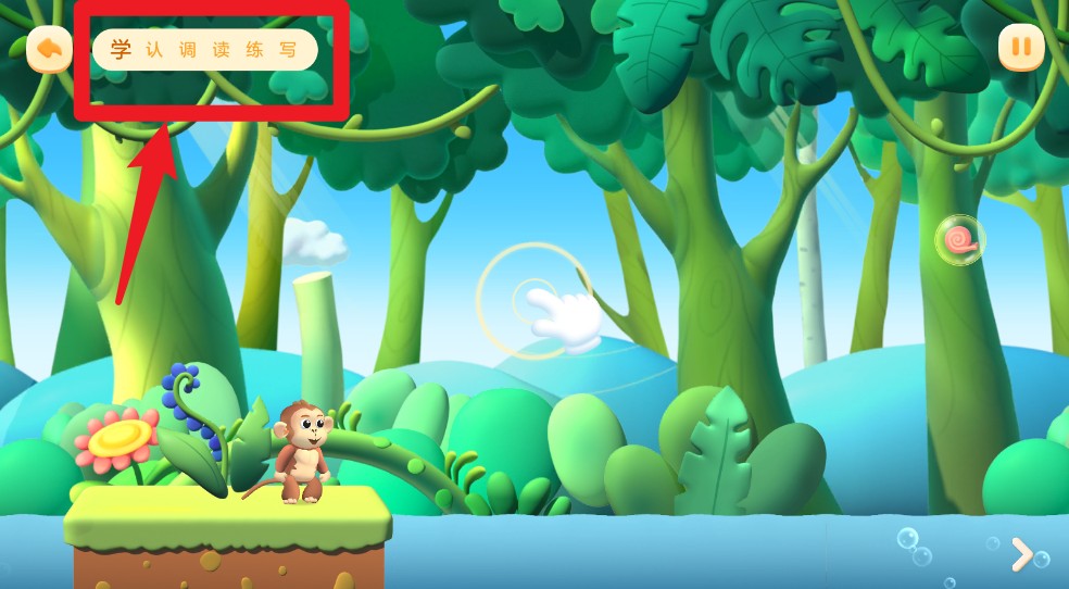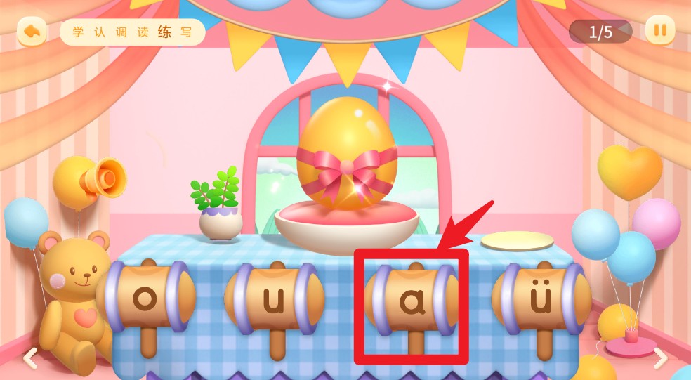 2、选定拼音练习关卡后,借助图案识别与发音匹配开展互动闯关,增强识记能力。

---

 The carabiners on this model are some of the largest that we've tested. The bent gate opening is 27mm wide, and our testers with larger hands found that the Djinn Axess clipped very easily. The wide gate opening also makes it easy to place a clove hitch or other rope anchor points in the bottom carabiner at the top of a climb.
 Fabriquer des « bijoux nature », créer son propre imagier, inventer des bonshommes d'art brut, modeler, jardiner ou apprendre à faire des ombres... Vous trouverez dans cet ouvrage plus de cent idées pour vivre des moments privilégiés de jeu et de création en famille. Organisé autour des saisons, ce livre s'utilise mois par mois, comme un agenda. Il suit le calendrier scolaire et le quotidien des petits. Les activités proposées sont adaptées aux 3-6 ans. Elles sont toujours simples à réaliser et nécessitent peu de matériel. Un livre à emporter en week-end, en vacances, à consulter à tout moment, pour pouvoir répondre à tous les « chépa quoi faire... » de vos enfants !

* * *

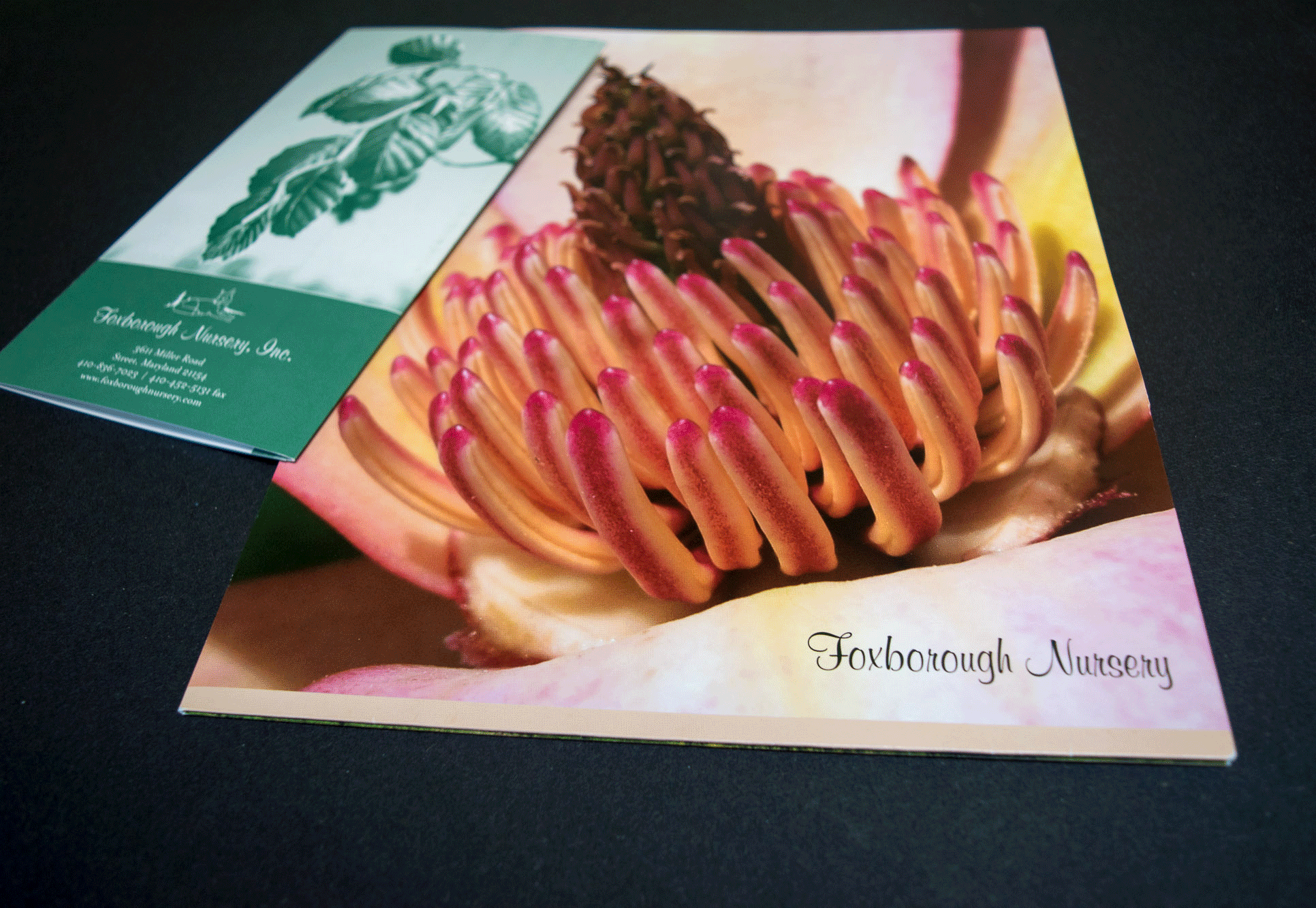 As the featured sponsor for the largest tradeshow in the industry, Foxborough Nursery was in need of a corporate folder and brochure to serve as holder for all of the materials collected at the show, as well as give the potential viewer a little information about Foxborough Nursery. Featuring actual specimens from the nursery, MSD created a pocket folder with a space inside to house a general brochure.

*DIRECTIONS FOR THIS TASK*. From the records above, give again exactly the lines running from the line with "The carabiners on" to the line with "vos enfants !", inclusive.

*SOLUTION FOR THIS PROBLEM*.
 The carabiners on this model are some of the largest that we've tested. The bent gate opening is 27mm wide, and our testers with larger hands found that the Djinn Axess clipped very easily. The wide gate opening also makes it easy to place a clove hitch or other rope anchor points in the bottom carabiner at the top of a climb.
 Fabriquer des « bijoux nature », créer son propre imagier, inventer des bonshommes d'art brut, modeler, jardiner ou apprendre à faire des ombres... Vous trouverez dans cet ouvrage plus de cent idées pour vivre des moments privilégiés de jeu et de création en famille. Organisé autour des saisons, ce livre s'utilise mois par mois, comme un agenda. Il suit le calendrier scolaire et le quotidien des petits. Les activités proposées sont adaptées aux 3-6 ans. Elles sont toujours simples à réaliser et nécessitent peu de matériel. Un livre à emporter en week-end, en vacances, à consulter à tout moment, pour pouvoir répondre à tous les « chépa quoi faire... » de vos enfants !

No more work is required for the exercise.